### Source data
========================================================================

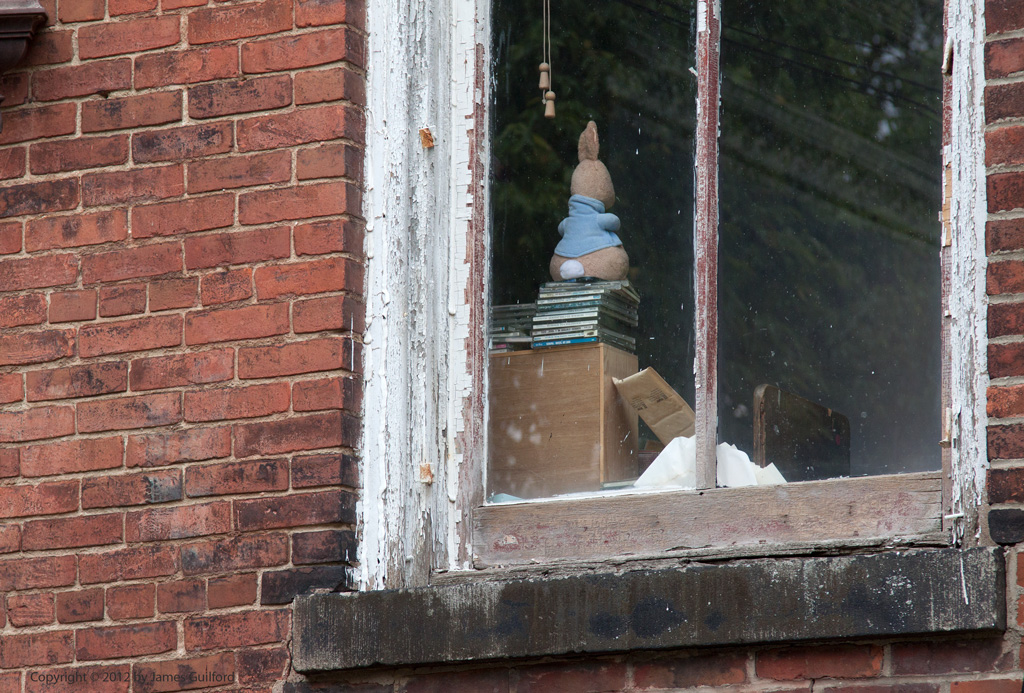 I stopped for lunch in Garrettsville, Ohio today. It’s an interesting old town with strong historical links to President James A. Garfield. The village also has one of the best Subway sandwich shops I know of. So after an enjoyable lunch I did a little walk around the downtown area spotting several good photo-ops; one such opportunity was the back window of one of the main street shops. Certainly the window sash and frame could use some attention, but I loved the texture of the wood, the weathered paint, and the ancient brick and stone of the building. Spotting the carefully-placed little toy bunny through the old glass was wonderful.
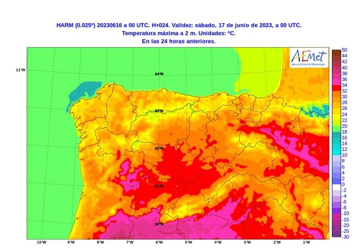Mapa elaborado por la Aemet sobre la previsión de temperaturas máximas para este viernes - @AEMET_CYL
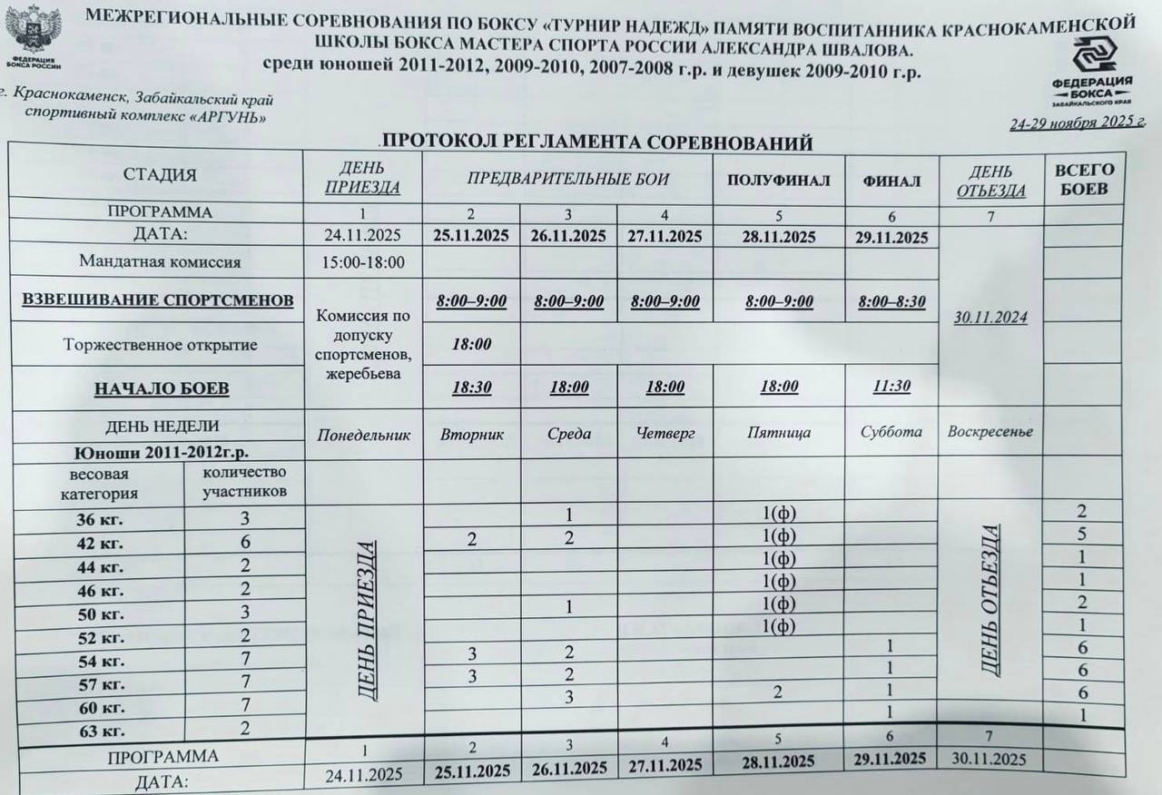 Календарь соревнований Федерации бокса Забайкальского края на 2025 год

========================================================================

### How to complete this task
Only the text of the listing above is wanted, transcribed exactly, without its images.

### Exercise result
 I stopped for lunch in Garrettsville, Ohio today. It’s an interesting old town with strong historical links to President James A. Garfield. The village also has one of the best Subway sandwich shops I know of. So after an enjoyable lunch I did a little walk around the downtown area spotting several good photo-ops; one such opportunity was the back window of one of the main street shops. Certainly the window sash and frame could use some attention, but I loved the texture of the wood, the weathered paint, and the ancient brick and stone of the building. Spotting the carefully-placed little toy bunny through the old glass was wonderful.
Mapa elaborado por la Aemet sobre la previsión de temperaturas máximas para este viernes - @AEMET_CYL
 Календарь соревнований Федерации бокса Забайкальского края на 2025 год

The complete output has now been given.